Records contained in a dataset
################
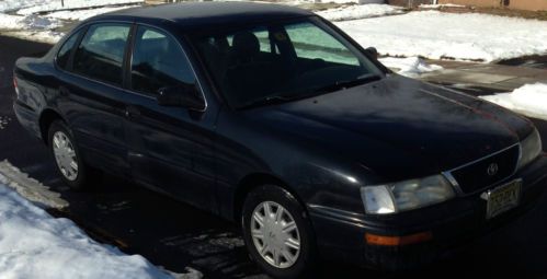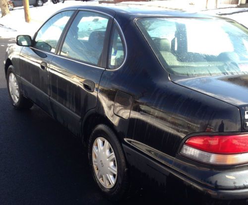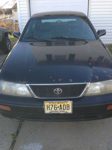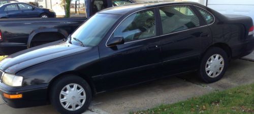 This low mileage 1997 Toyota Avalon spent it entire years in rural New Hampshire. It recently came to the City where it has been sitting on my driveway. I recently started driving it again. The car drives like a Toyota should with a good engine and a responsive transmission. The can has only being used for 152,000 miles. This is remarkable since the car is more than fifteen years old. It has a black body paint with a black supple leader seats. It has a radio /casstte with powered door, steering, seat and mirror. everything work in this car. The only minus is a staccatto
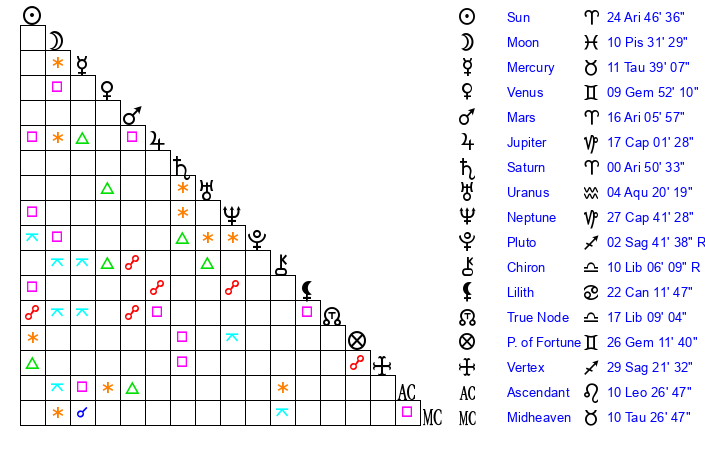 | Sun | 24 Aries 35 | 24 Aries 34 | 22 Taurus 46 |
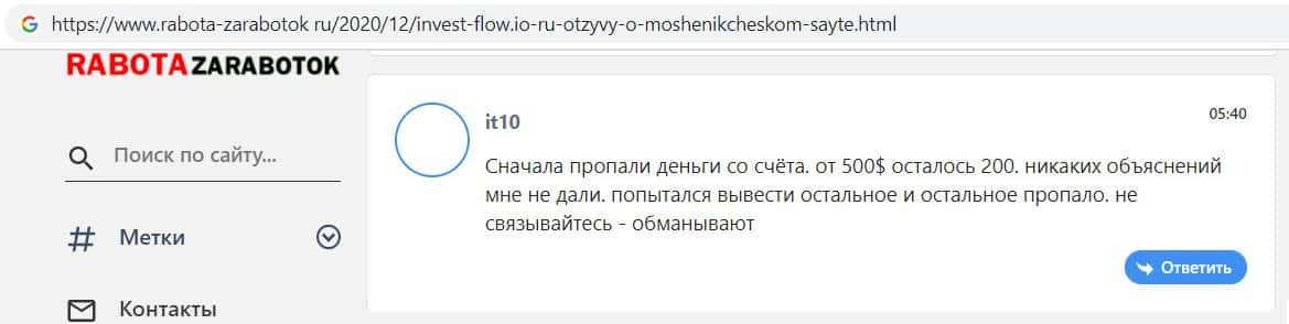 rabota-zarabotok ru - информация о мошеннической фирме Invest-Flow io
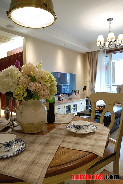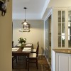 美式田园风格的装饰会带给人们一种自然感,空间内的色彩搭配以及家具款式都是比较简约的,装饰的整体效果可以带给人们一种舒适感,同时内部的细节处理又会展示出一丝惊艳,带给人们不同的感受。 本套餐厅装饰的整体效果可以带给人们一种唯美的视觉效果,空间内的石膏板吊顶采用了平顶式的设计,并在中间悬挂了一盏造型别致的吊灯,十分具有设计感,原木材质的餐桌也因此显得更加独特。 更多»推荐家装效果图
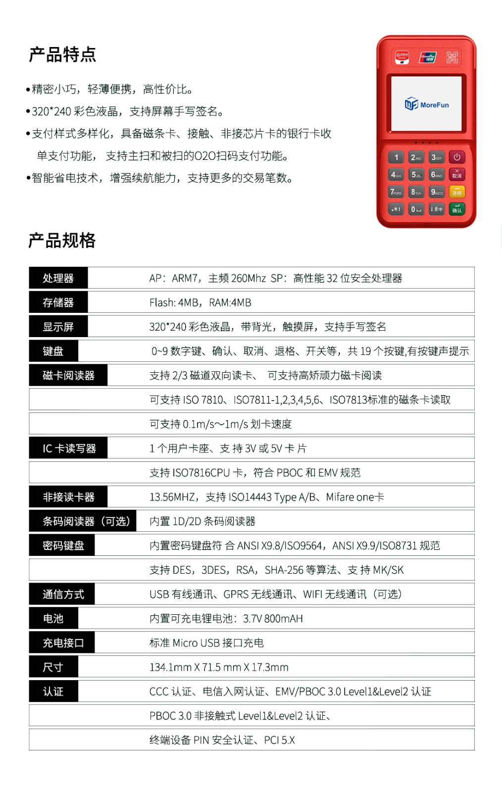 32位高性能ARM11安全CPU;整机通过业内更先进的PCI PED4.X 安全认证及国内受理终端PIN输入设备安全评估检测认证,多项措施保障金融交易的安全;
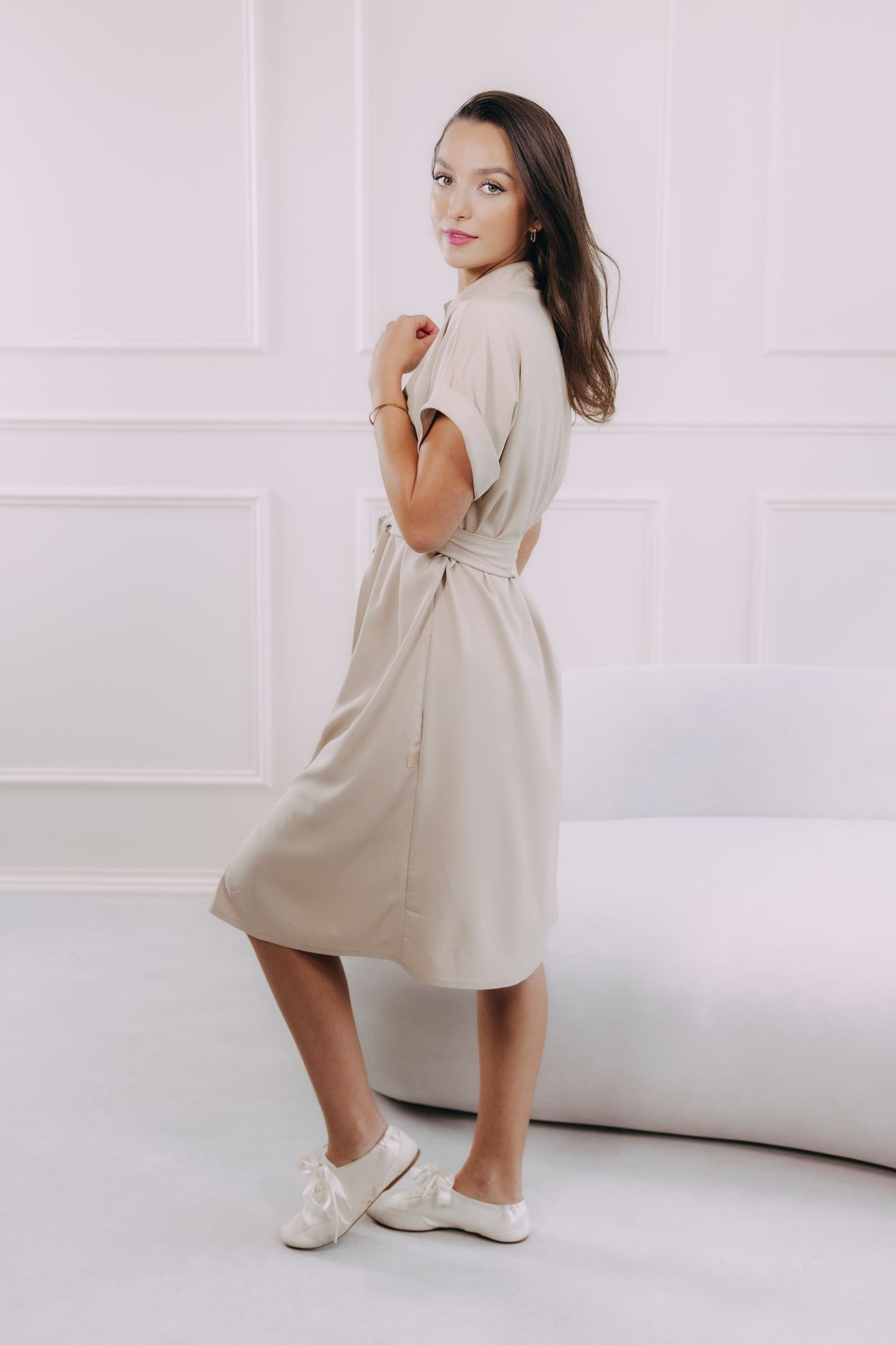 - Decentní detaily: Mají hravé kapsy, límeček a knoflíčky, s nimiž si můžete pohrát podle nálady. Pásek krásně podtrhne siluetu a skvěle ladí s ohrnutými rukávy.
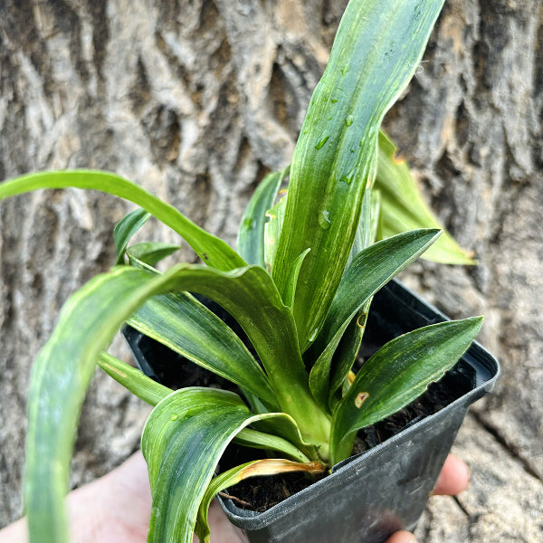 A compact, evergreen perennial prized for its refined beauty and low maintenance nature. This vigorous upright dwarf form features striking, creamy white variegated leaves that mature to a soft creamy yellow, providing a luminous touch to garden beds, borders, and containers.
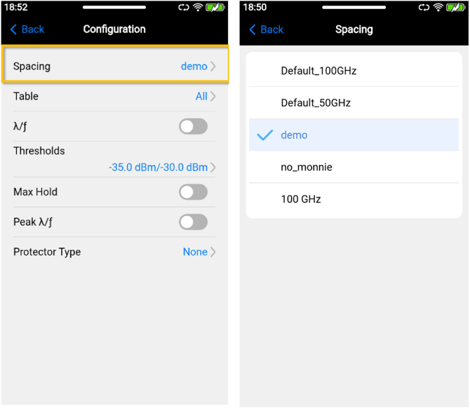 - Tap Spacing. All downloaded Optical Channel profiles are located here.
################
WHAT IS EXPECTED – Retype exactly the lines from the one containing "- Decentní detaily: Mají" through the last line of the records above, both included, and leave out any pictures.

TASK RESPONSE –
 - Decentní detaily: Mají hravé kapsy, límeček a knoflíčky, s nimiž si můžete pohrát podle nálady. Pásek krásně podtrhne siluetu a skvěle ladí s ohrnutými rukávy.
 A compact, evergreen perennial prized for its refined beauty and low maintenance nature. This vigorous upright dwarf form features striking, creamy white variegated leaves that mature to a soft creamy yellow, providing a luminous touch to garden beds, borders, and containers.
 - Tap Spacing. All downloaded Optical Channel profiles are located here.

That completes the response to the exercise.